Programmatic Parsing of ps
drsalists at gmail.com
Fri Feb 11 02:06:24 CET 2011
FWIW, Linux' /proc is very different from pretty much all other *ix's.
I like Linux' design better, but it might be good to put the Linux
/proc assumption in one place, in case you need to port to another *ix
On Thu, Feb 10, 2011 at 4:26 PM, bsergean <bsergean at gmail.com> wrote:
> If you're on Linux you should
> * Have a look at the /proc/ filesystem, there's probably what you want
> Here's a small script that print all the pid/cmd from the process ran
> with your user.
> import os
> import re
> import stat
> from os.path import join
> for pid in (pid for pid in os.listdir('/proc') if re.match('\d',
> cmdline_fn = join('/proc', pid, 'cmdline')
> cmdline = open(cmdline_fn).read()
> uid = os.stat(cmdline_fn)[stat.ST_UID]
> if os.getuid() == uid:
> print pid, cmdline
> For a more cross-platform solution there's a module that does that (I
> forgot it's name but with some googling you might find it)
> On Feb 9, 1:34 pm, Dan Stromberg <drsali... at gmail.com> wrote:
>> On Wed, Feb 9, 2011 at 11:15 AM, Emile van Sebille <em... at fenx.com> wrote:
>> > On 2/9/2011 10:58 AM octopusgrabbus said...

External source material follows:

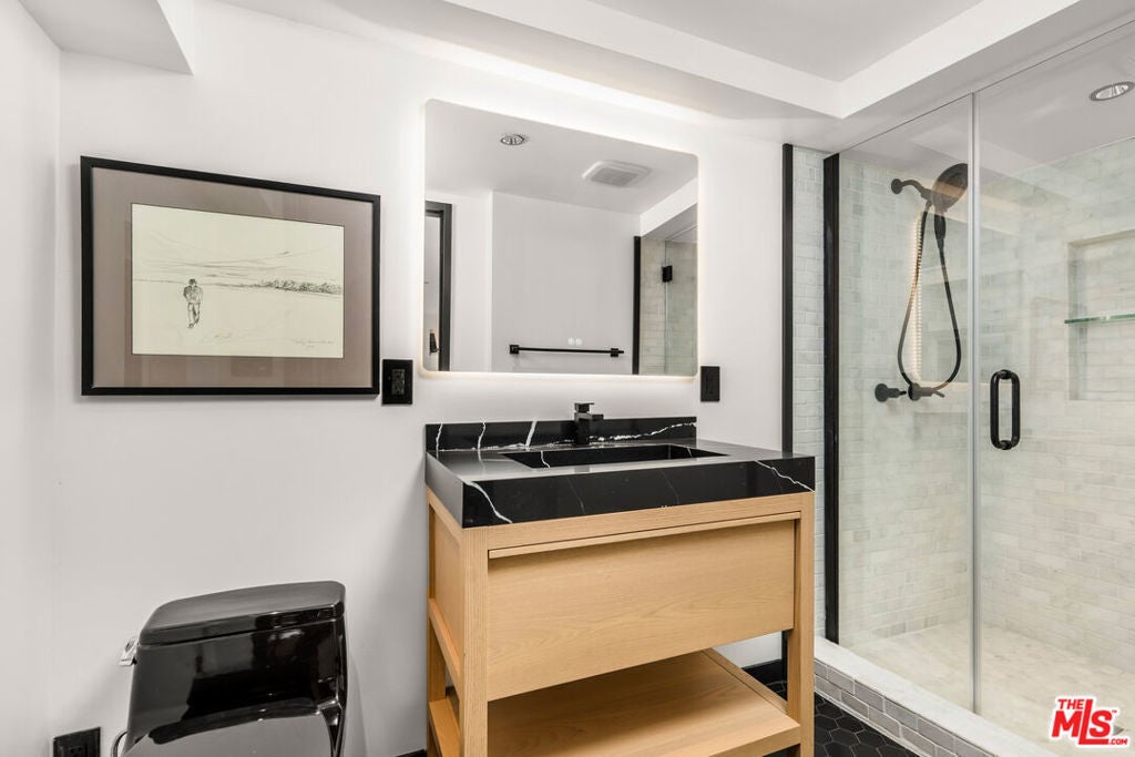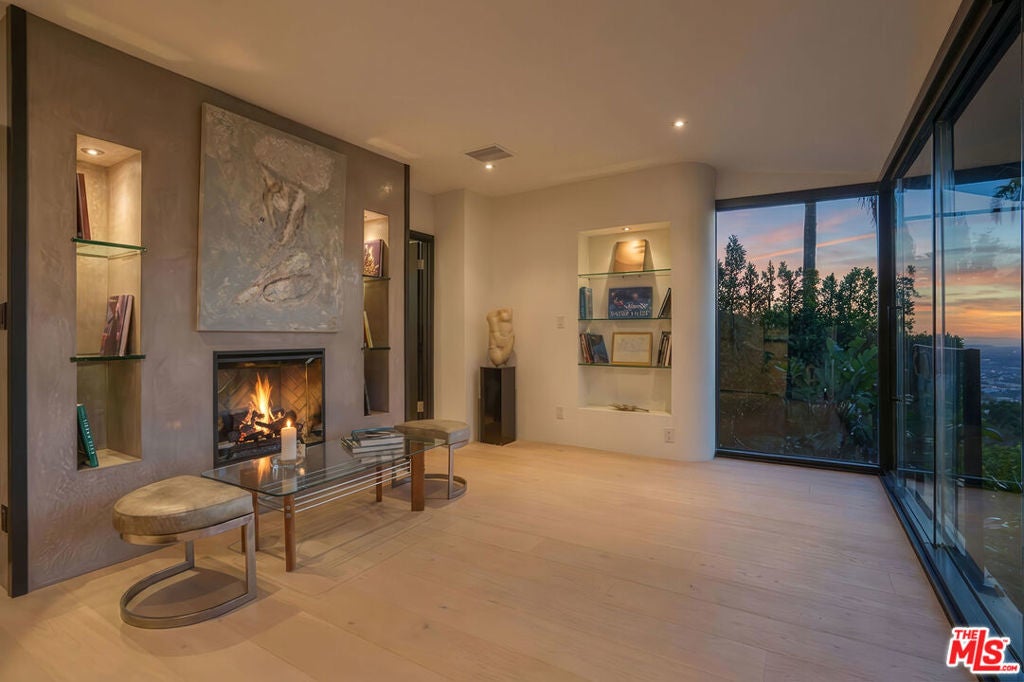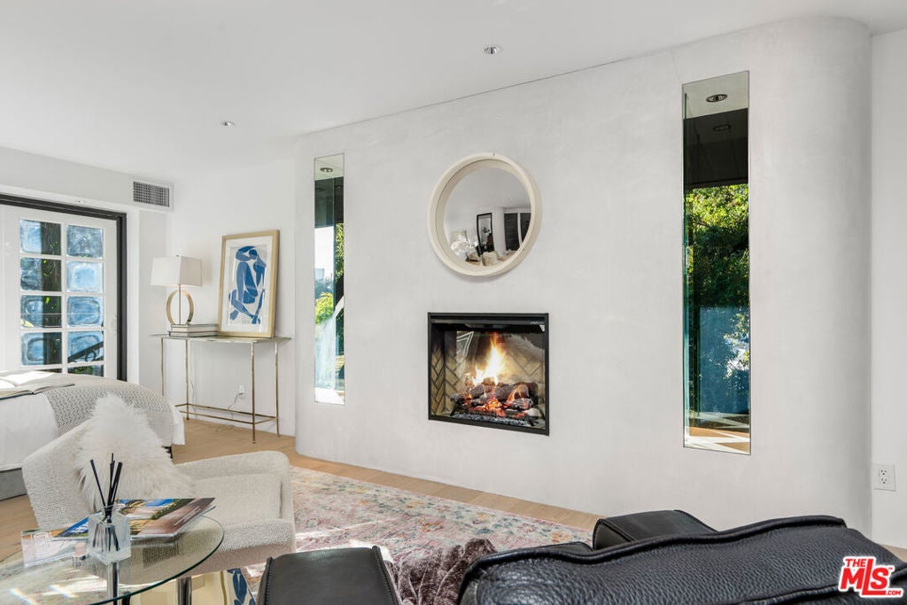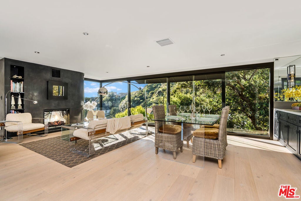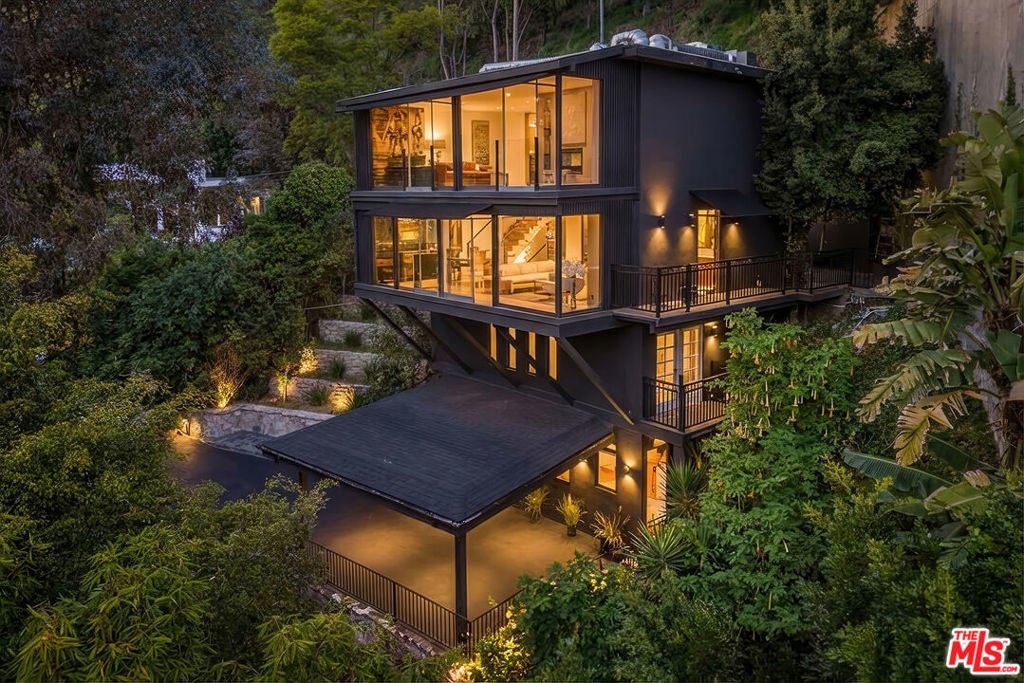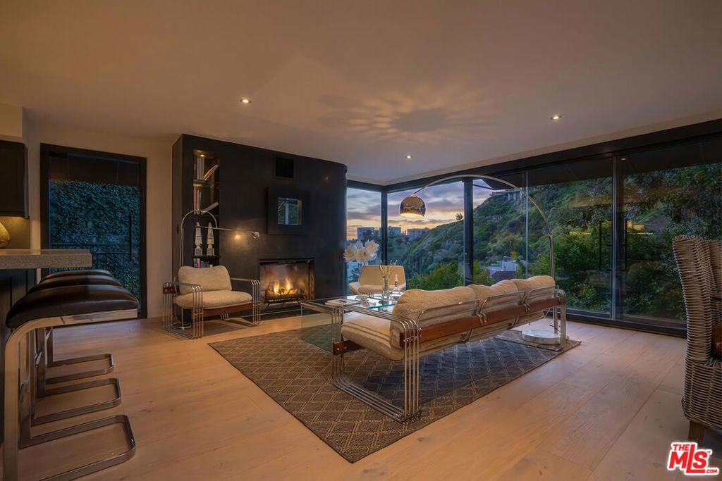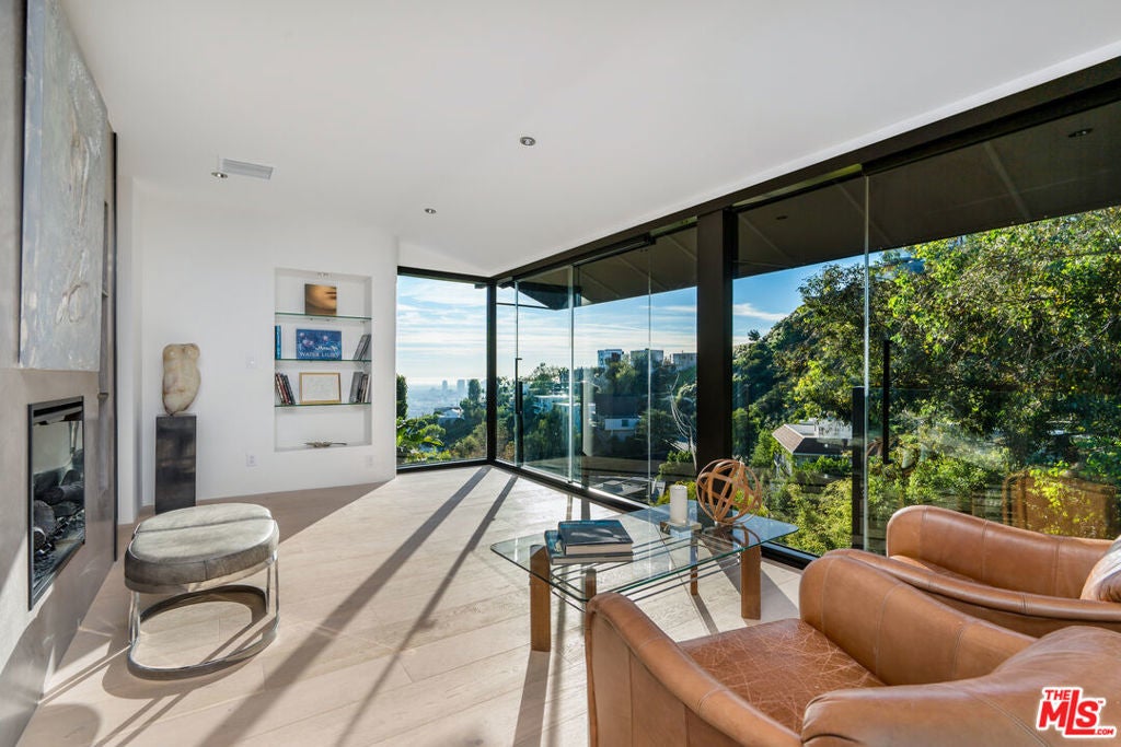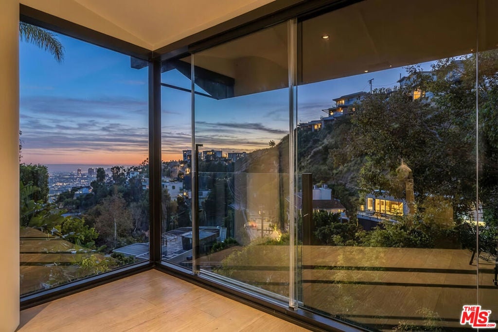 Gated, Floor to Ceiling, Glass-Wrapped Architectural Sanctuary with City and Ocean Views, Rare Outdoor Living Above Sunset Plaza! Floating high above Sunset Plaza, this newly reimagined, iconic architectural, 2 primary suite, 4 bath, plus permitted Junior ADU, residence by Roger Davis is a rare expression of glass, light, and elevated living in the Hollywood Hills. Privately gated, with 2+ parking and set beyond a dramatic arrival, inside, the architecture unfolds with intention. Wide-plank floors guide you through expansive living spaces wrapped in floor to ceiling glass, capturing breathtaking city lights and ocean views that shift beautifully from sunlit days to glittering nights. A striking glass staircase serves as a sculptural centerpiece, allowing natural light to flow effortlessly between levels and enhancing the home's airy, gallery-like feel. The newly remodeled open kitchen blends refined design with modern functionality, perfectly positioned for elevated entertaining and everyday living. The main residence features two full, large primary suites, each conceived as a private sanctuary with walk-in closets, spa-inspired baths, and dramatic walls of glass framing the skyline. Washer/dryer hookups on every level add an uncommon layer of comfort and convenience. What truly distinguishes this home is its exceptional outdoor living, a rarity in the Hollywood Hills. A large, grassy, flat yard, with additional outdoor seating areas, and a private balcony create a resort-like setting ideal for entertaining, lounging, or quiet moments above the city. An attached junior ADU with its own private entrance, bedroom, and bathroom offers remarkable flexibility for guests, creative use, or income potential, all while remaining seamlessly integrated into the architecture. Bold, refined, and unmistakably iconic, this Roger Davis creation is more than a home, it is a statement of design, privacy, and elevated Los Angeles living. A must see!

>> >> I have Python 2.6.6. I would like to get this output
>> >> ps -ef | grep 'fglgo csm'
>> >> into a list. What is the best way to do that? I've been reading the
>> >> documentation, and am lost.
>> >> Thank you.
>> >> cmn
>> > commands.getoutput
>> > Emile
>> Also, consider using "ps -eo pid,comm" (or similar) instead of ps -ef
>> - it should be easier to parse that way.